Sa question surprit Adalia et elle fronça les sourcils, mais les jumeaux et Eilynn lui répondirent, plus ou moins accordés : Edric dit "Moins que moi", ce qu'Emira appuya d'un "Moins qu'Edric !". Eilynn, plus vague, ce contenta de "Moins que certains d'entre nous".

- Mais je suis bizarre quand même.

- Très franchement, Talya, tu t'es fait enlever au milieu de la nuit par une bande de soi-disant scientifiques, donc être bizarre est la réaction la plus soft, sourit Emira

- Et de toute manière, j'adore tout ce qui est bizarre, renchérit Edric avant écarquiller les yeux et de rougir

Talya mit quelques secondes avant de comprendre et de devenir écarlate à son tour.

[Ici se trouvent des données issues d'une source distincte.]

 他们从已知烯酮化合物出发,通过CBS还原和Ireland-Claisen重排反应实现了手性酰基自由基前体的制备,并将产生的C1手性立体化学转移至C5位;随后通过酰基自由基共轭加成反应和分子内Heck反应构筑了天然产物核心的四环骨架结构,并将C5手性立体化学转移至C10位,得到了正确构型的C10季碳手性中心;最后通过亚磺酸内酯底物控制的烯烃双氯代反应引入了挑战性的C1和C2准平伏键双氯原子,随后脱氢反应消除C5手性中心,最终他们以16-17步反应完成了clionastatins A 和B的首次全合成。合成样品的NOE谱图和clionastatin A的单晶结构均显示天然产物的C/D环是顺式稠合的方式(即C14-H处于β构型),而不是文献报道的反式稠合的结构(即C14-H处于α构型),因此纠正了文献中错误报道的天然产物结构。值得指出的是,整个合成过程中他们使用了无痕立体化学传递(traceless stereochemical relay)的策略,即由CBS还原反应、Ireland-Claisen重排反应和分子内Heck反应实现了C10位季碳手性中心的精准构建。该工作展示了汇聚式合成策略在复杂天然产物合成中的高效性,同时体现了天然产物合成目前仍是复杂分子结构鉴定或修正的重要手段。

- Attendez, vous... commença Adalia

- Si tu termines cette phrase on risque d'avoir une disparition sur les bras, la découragea Talya

Adalia allait répondre, mais Tao l'interrompit en baillant. Il consulta sa montre brièvement avant de déclarer à la cantonade :

- Je sais que les trois quarts d'entre vous ne vont pas prendre ce que je vais dire en compte, mais tâchez de vous le remémorer quand vous aurez des cernes plus longs que vos bras demain : il est minuit passé.

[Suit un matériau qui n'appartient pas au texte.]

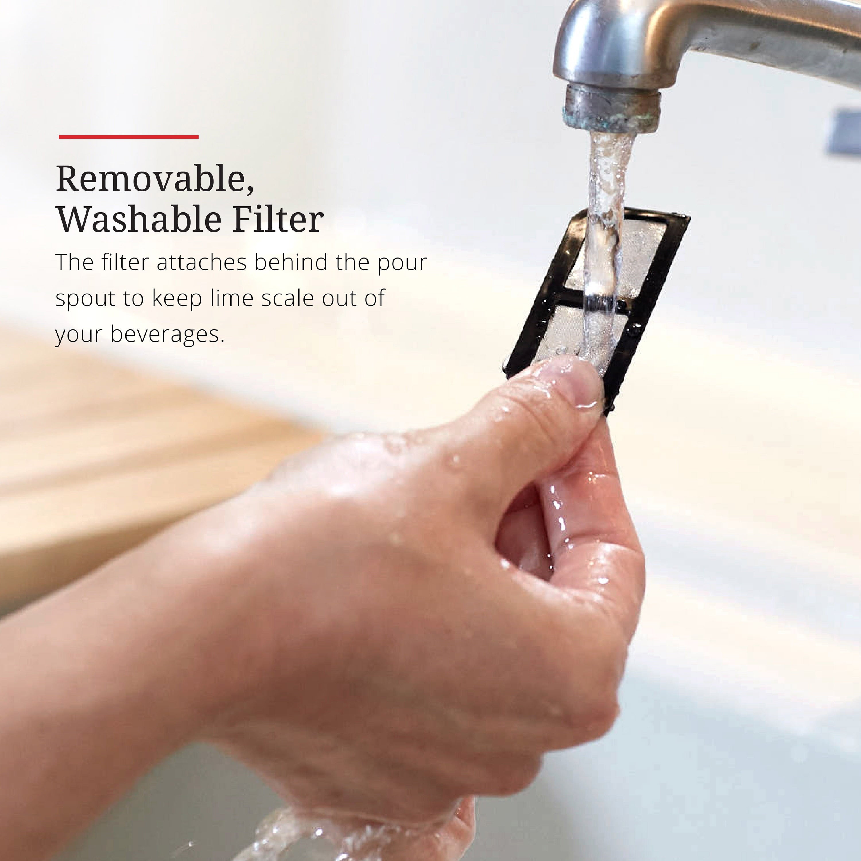 - Removable, Washable Filter - The filter attaches behind the pour spout to keep lime scale out of your beverages. Removable for easy cleaning.

Il s'affala dans un coin de la pièce et s'endormit presque instantanément. Presque tous les captifs faisaient ainsi : dormir assis contre un mur au lieu de s'allonger. Cela leur paraissait moins dangereux, et ils pouvaient se lever plus rapidement si ils en avaient le besoin. Ce qui ne les empêchaient pas de bien dormir : les scientifiques devaient avoir une horloge interne défectueuse, car ils n'étaient absolument par synchronisés. Layla venait toujours le matin, assez tôt, entre huit et dix heures, puis elle ramenait - jetait serait plus exact - sa victime avec les autres avant d'enchaîner rapidement, ne laissant qu'une dizaine de minutes d'intervalle entre chaque adolescent. Troy et San - ils étaient vraiment les mêmes - arrivaient au contraire dans l'après-midi, souvent en même temps, et laissaient une bonne heure entre leurs "rendez-vous". Et Lilith... Lilith n'était venue qu'une fois, ce qui n'était pas suffisant pour cerner ses habitudes.

Comme Tao l'avait prédit, la plupart des adolescents restèrent éveillés jusqu'à une heure du matin puis finirent par s'endormir. Tous, sauf Talya, qui ne parvenait pas à fermer l'œil, habitée par un désagréable sentiment d'insécurité. Ce qui n'était pas si étonnant, en fin de compte, mais elle arrivait généralement à avoir quelques heures de répit avant de reprendre le stress quotidien. Ce qui voulait dire...

Elle la sentit plus qu'elle ne l'entendit, se releva d'un bond et se jeta sur elle. Lilith.

Il n'y avait pas de lumière - Emira avait éteint les néons avant de se coucher - mais Talya avait eu le temps d'habituer ses yeux à l'obscurité, contrairement à Lilith, et elle percevait plus ou moins ses mouvements.

- Calmes-toi, bon sang ! Je ne suis pas venue pour me faire étrangler, je veux te parler !

- Eh bien moi, je n'ai pas envie !

- Ça m'est égal. Tu ne comprends toujours pas ? Je veux t'aider.